◆ **PROBLEM TO SOLVE**
Retype each entry exactly.

◆ **MATERIAL FOR THIS EXERCISE**
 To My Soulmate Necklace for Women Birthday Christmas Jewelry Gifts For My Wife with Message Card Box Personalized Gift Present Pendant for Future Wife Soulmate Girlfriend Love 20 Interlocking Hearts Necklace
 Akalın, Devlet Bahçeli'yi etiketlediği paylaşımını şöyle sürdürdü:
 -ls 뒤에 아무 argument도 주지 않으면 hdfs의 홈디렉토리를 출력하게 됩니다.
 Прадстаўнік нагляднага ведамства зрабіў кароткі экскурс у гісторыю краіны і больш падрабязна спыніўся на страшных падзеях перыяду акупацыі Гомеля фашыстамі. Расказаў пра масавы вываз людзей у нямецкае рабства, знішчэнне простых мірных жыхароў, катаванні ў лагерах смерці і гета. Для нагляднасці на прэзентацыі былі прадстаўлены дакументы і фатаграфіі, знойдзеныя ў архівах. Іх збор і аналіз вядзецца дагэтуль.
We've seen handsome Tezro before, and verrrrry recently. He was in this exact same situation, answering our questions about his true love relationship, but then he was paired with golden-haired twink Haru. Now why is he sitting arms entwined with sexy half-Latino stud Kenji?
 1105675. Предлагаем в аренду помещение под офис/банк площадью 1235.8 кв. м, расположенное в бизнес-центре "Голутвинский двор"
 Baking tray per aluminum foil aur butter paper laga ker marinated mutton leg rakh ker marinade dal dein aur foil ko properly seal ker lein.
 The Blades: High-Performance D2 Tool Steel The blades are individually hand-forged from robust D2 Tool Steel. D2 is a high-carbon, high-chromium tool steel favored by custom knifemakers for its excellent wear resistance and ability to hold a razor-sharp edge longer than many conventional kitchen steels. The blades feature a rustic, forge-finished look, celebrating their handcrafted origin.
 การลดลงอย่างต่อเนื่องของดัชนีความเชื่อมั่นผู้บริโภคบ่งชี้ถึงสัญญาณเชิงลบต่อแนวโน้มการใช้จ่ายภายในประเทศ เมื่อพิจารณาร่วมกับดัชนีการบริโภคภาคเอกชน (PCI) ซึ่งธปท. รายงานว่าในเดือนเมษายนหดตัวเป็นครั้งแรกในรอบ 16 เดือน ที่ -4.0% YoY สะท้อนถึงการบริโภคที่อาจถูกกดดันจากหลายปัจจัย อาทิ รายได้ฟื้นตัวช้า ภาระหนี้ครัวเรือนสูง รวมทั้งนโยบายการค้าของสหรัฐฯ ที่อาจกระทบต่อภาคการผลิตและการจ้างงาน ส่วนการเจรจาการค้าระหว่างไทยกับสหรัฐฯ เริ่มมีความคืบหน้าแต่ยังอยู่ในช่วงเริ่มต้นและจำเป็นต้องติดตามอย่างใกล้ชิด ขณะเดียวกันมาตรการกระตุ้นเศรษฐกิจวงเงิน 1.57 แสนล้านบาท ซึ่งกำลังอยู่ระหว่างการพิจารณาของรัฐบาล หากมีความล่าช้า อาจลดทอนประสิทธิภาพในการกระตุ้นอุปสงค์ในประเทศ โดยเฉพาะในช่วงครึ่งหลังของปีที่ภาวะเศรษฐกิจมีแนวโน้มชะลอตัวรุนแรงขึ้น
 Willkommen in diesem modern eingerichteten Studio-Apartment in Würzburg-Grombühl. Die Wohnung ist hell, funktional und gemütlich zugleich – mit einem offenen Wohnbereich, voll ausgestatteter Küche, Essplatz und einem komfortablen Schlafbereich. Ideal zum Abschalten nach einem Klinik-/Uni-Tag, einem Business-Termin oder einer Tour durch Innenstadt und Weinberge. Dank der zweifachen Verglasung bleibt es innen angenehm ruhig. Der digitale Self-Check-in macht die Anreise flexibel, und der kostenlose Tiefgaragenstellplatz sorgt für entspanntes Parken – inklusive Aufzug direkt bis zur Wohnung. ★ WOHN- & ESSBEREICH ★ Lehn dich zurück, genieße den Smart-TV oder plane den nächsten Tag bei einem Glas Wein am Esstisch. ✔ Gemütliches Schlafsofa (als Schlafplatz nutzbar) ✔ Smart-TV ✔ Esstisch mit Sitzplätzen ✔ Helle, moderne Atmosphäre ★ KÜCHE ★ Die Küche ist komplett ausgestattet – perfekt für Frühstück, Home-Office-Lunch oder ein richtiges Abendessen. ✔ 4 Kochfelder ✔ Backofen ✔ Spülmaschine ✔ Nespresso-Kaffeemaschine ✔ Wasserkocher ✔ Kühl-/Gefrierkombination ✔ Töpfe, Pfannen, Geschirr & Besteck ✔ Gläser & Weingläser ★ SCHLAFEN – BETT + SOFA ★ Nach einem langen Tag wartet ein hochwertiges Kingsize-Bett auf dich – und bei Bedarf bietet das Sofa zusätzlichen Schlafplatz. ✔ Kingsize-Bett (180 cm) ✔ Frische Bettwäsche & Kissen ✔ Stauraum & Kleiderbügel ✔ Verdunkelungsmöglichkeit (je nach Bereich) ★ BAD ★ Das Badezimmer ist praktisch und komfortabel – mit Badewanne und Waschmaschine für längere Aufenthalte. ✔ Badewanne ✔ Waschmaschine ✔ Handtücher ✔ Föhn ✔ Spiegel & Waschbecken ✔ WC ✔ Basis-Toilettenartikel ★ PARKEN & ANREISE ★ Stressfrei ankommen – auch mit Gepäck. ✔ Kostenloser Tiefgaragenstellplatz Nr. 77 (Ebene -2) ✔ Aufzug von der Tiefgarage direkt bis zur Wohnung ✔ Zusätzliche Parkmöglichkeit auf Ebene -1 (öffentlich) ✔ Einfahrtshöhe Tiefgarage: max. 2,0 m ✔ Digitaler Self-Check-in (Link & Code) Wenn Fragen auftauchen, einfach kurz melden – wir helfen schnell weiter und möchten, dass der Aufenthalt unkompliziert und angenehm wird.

◆ **SOLUTION FOR THIS TASK**
 To My Soulmate Necklace for Women Birthday Christmas Jewelry Gifts For My Wife with Message Card Box Personalized Gift Present Pendant for Future Wife Soulmate Girlfriend Love 20 Interlocking Hearts Necklace
 Akalın, Devlet Bahçeli'yi etiketlediği paylaşımını şöyle sürdürdü:
 -ls 뒤에 아무 argument도 주지 않으면 hdfs의 홈디렉토리를 출력하게 됩니다.
 Прадстаўнік нагляднага ведамства зрабіў кароткі экскурс у гісторыю краіны і больш падрабязна спыніўся на страшных падзеях перыяду акупацыі Гомеля фашыстамі. Расказаў пра масавы вываз людзей у нямецкае рабства, знішчэнне простых мірных жыхароў, катаванні ў лагерах смерці і гета. Для нагляднасці на прэзентацыі былі прадстаўлены дакументы і фатаграфіі, знойдзеныя ў архівах. Іх збор і аналіз вядзецца дагэтуль.
We've seen handsome Tezro before, and verrrrry recently. He was in this exact same situation, answering our questions about his true love relationship, but then he was paired with golden-haired twink Haru. Now why is he sitting arms entwined with sexy half-Latino stud Kenji?
 1105675. Предлагаем в аренду помещение под офис/банк площадью 1235.8 кв. м, расположенное в бизнес-центре "Голутвинский двор"
 Baking tray per aluminum foil aur butter paper laga ker marinated mutton leg rakh ker marinade dal dein aur foil ko properly seal ker lein.
 The Blades: High-Performance D2 Tool Steel The blades are individually hand-forged from robust D2 Tool Steel. D2 is a high-carbon, high-chromium tool steel favored by custom knifemakers for its excellent wear resistance and ability to hold a razor-sharp edge longer than many conventional kitchen steels. The blades feature a rustic, forge-finished look, celebrating their handcrafted origin.
 การลดลงอย่างต่อเนื่องของดัชนีความเชื่อมั่นผู้บริโภคบ่งชี้ถึงสัญญาณเชิงลบต่อแนวโน้มการใช้จ่ายภายในประเทศ เมื่อพิจารณาร่วมกับดัชนีการบริโภคภาคเอกชน (PCI) ซึ่งธปท. รายงานว่าในเดือนเมษายนหดตัวเป็นครั้งแรกในรอบ 16 เดือน ที่ -4.0% YoY สะท้อนถึงการบริโภคที่อาจถูกกดดันจากหลายปัจจัย อาทิ รายได้ฟื้นตัวช้า ภาระหนี้ครัวเรือนสูง รวมทั้งนโยบายการค้าของสหรัฐฯ ที่อาจกระทบต่อภาคการผลิตและการจ้างงาน ส่วนการเจรจาการค้าระหว่างไทยกับสหรัฐฯ เริ่มมีความคืบหน้าแต่ยังอยู่ในช่วงเริ่มต้นและจำเป็นต้องติดตามอย่างใกล้ชิด ขณะเดียวกันมาตรการกระตุ้นเศรษฐกิจวงเงิน 1.57 แสนล้านบาท ซึ่งกำลังอยู่ระหว่างการพิจารณาของรัฐบาล หากมีความล่าช้า อาจลดทอนประสิทธิภาพในการกระตุ้นอุปสงค์ในประเทศ โดยเฉพาะในช่วงครึ่งหลังของปีที่ภาวะเศรษฐกิจมีแนวโน้มชะลอตัวรุนแรงขึ้น
 Willkommen in diesem modern eingerichteten Studio-Apartment in Würzburg-Grombühl. Die Wohnung ist hell, funktional und gemütlich zugleich – mit einem offenen Wohnbereich, voll ausgestatteter Küche, Essplatz und einem komfortablen Schlafbereich. Ideal zum Abschalten nach einem Klinik-/Uni-Tag, einem Business-Termin oder einer Tour durch Innenstadt und Weinberge. Dank der zweifachen Verglasung bleibt es innen angenehm ruhig. Der digitale Self-Check-in macht die Anreise flexibel, und der kostenlose Tiefgaragenstellplatz sorgt für entspanntes Parken – inklusive Aufzug direkt bis zur Wohnung. ★ WOHN- & ESSBEREICH ★ Lehn dich zurück, genieße den Smart-TV oder plane den nächsten Tag bei einem Glas Wein am Esstisch. ✔ Gemütliches Schlafsofa (als Schlafplatz nutzbar) ✔ Smart-TV ✔ Esstisch mit Sitzplätzen ✔ Helle, moderne Atmosphäre ★ KÜCHE ★ Die Küche ist komplett ausgestattet – perfekt für Frühstück, Home-Office-Lunch oder ein richtiges Abendessen. ✔ 4 Kochfelder ✔ Backofen ✔ Spülmaschine ✔ Nespresso-Kaffeemaschine ✔ Wasserkocher ✔ Kühl-/Gefrierkombination ✔ Töpfe, Pfannen, Geschirr & Besteck ✔ Gläser & Weingläser ★ SCHLAFEN – BETT + SOFA ★ Nach einem langen Tag wartet ein hochwertiges Kingsize-Bett auf dich – und bei Bedarf bietet das Sofa zusätzlichen Schlafplatz. ✔ Kingsize-Bett (180 cm) ✔ Frische Bettwäsche & Kissen ✔ Stauraum & Kleiderbügel ✔ Verdunkelungsmöglichkeit (je nach Bereich) ★ BAD ★ Das Badezimmer ist praktisch und komfortabel – mit Badewanne und Waschmaschine für längere Aufenthalte. ✔ Badewanne ✔ Waschmaschine ✔ Handtücher ✔ Föhn ✔ Spiegel & Waschbecken ✔ WC ✔ Basis-Toilettenartikel ★ PARKEN & ANREISE ★ Stressfrei ankommen – auch mit Gepäck. ✔ Kostenloser Tiefgaragenstellplatz Nr. 77 (Ebene -2) ✔ Aufzug von der Tiefgarage direkt bis zur Wohnung ✔ Zusätzliche Parkmöglichkeit auf Ebene -1 (öffentlich) ✔ Einfahrtshöhe Tiefgarage: max. 2,0 m ✔ Digitaler Self-Check-in (Link & Code) Wenn Fragen auftauchen, einfach kurz melden – wir helfen schnell weiter und möchten, dass der Aufenthalt unkompliziert und angenehm wird.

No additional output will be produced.